A common challenge that many organizations face is the difficulty to implement machine learning algorithms. They are complex, require specialized knowledge and enough computing resources to drive calculations. As a big enthusiast of Artificial Intelligence, I’m very excited about innovations that come with Cloud Computing. Over the last five years, the way you access and use advanced algorithms has been simplified. Instead of spending weeks training your model, you can deploy a ready-to-use service that can recognize objects on an image or detect anomalies on telemetry data. A couple of months ago, I published a blog post on how you can use such a service to automate invoice processing in SAP. I used the AI-Powered Azure Form Recognizer to transform a scanned invoice into a JSON file containing business-relevant information, which I could further process and import to the ERP system. Holger Bruchelt, on his fantastic YouTube channel, also shows a couple of exciting scenarios of working with AI technologies. For example, he built a solution that improves user experience when looking for support information. We all suffered in the past when trying to identify the exact model of the notebook, just to get a troubleshooting document or update drivers. In Holger’s demo, you can see how to incorporate machine learning to simplify the process by using computer vision to identify the hardware automatically, based on the photo taken with a smartphone. Using Artificial Intelligence is a great way to simplify and automate repetitive tasks that allow us to focus on essential things.
Today I would like to show you a slightly more complex scenario. We will build and train a machine learning model. That was always a big challenge for me, as I’m not a professional developer, and despite the fact I can write basic code, I was always intimidated by the complex algorithms I’d have to use. The last time I touched on the topic of statistics was probably over ten years ago when I was a student, which doesn’t help. So I look forward to seeing what innovations are available for me and if I can onboard the machine learning process to identify strategic suppliers using low-code development? The idea came to my mind after reading an excellent blog post written by Puneet Sikarwar. In his blog, he provides step-by-step guidance on performing supplier clustering. You can then use the results to further classify and evaluate the most critical ones for your business. After reading the article, I immediately thought it was an excellent use case, and I wondered if I could get a similar result.
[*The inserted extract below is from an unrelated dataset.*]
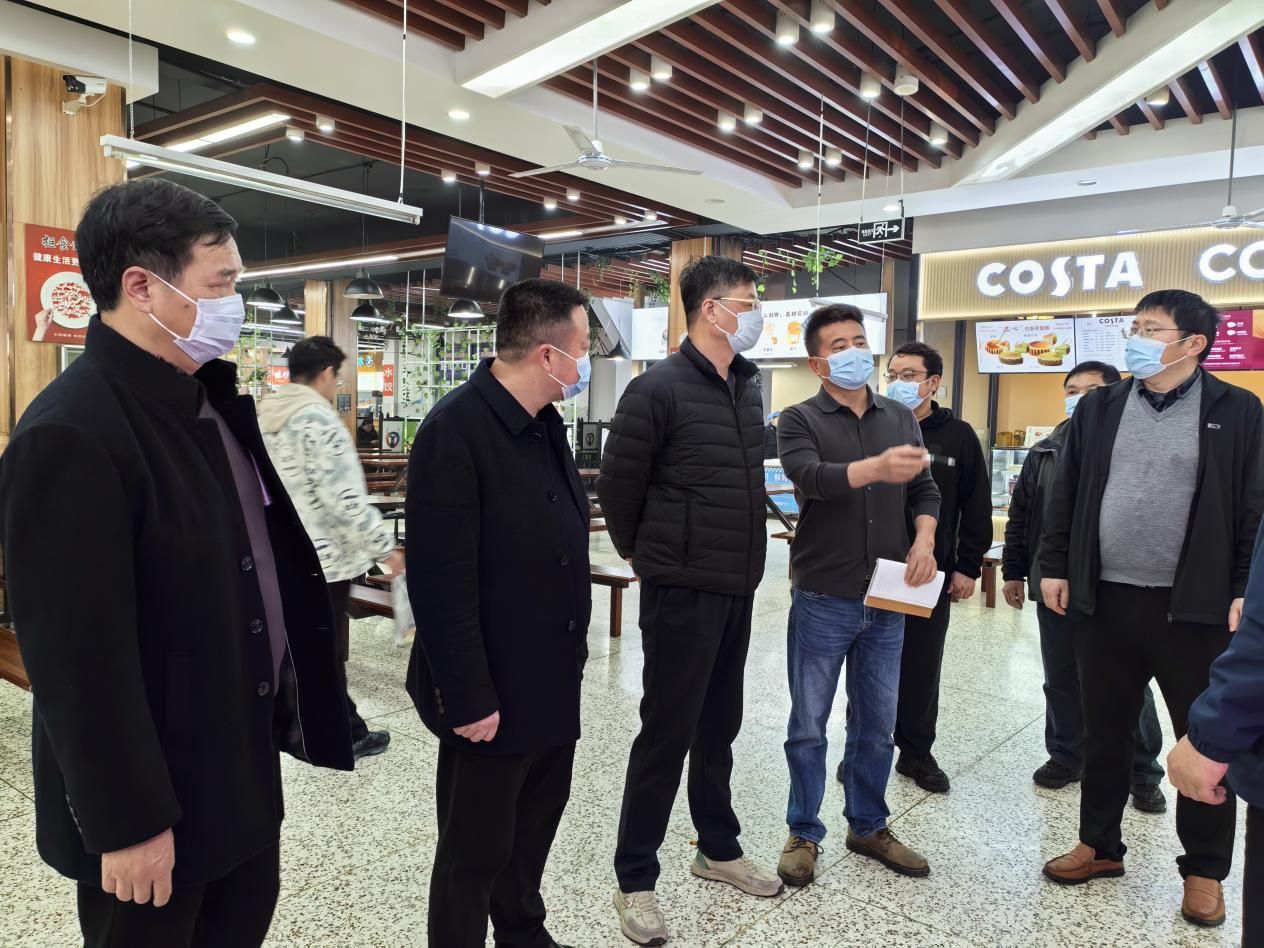 集团一行采取“四不两直”的方式,先后来到食堂、快递中心、门面房、环卫中心、学生宿舍、卫生所等关键场所。每到一处,都仔细检查消防设施设备运行、用电用气安全规范、食品原材料储存及环境卫生状况,并认真听取相关负责人关于隐患排查整改、日常管理制度执行、品质提升专项举措的汇报。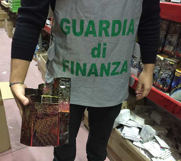 Tra i ripiani del deposito erano presenti anche scatole contenenti una grandissima quantità di artifizi pirotecnici, oltre 220 mila pezzi, detenuti illegalmente in quanto l’impresa non è risultata in possesso delle necessarie autorizzazioni di pubblica sicurezza.

The main requirement was to limit writing code as much as possible. Initially, I played around with PowerBI capabilities that let you cluster data with a click of a button. It worked well, but I wanted to have more control of the process. I thought it is an excellent opportunity to explore the Azure Machine Learning service, which lets you rapidly build and train models using a low-code approach.
You can classify machine learning algorithms into the following groups:
- Supervised learning – where you teach the model how to recognize patterns (for example, objects on images)
- Unsupervised learning – where the model discover patterns on its own (for example, to group data points based on similarity)
- Reinforcement learning – where the model learns to react to the environment (for example, in autonomously driving a car)
Before you start thinking about which machine learning algorithm to use, you should classify the problem into one of the above categories. Supplier clustering, which I discuss today, is part of Unsupervised Learning as we want the algorithm to discover similarities autonomously. I follow Puneet’s recommendation, and I use the following KPIs to group suppliers:
- Recency – How recently I did business with a supplier
- Frequency – How often do I do business with a supplier
- Monetary – What is the value of transactions I did with a supplier
There are so many algorithms available that finding the right one may seem difficult. To simplify the process, Microsoft prepared an easy to understand Cheat Sheet which you can use:
Before we start designing the AI model, we have to prepare data.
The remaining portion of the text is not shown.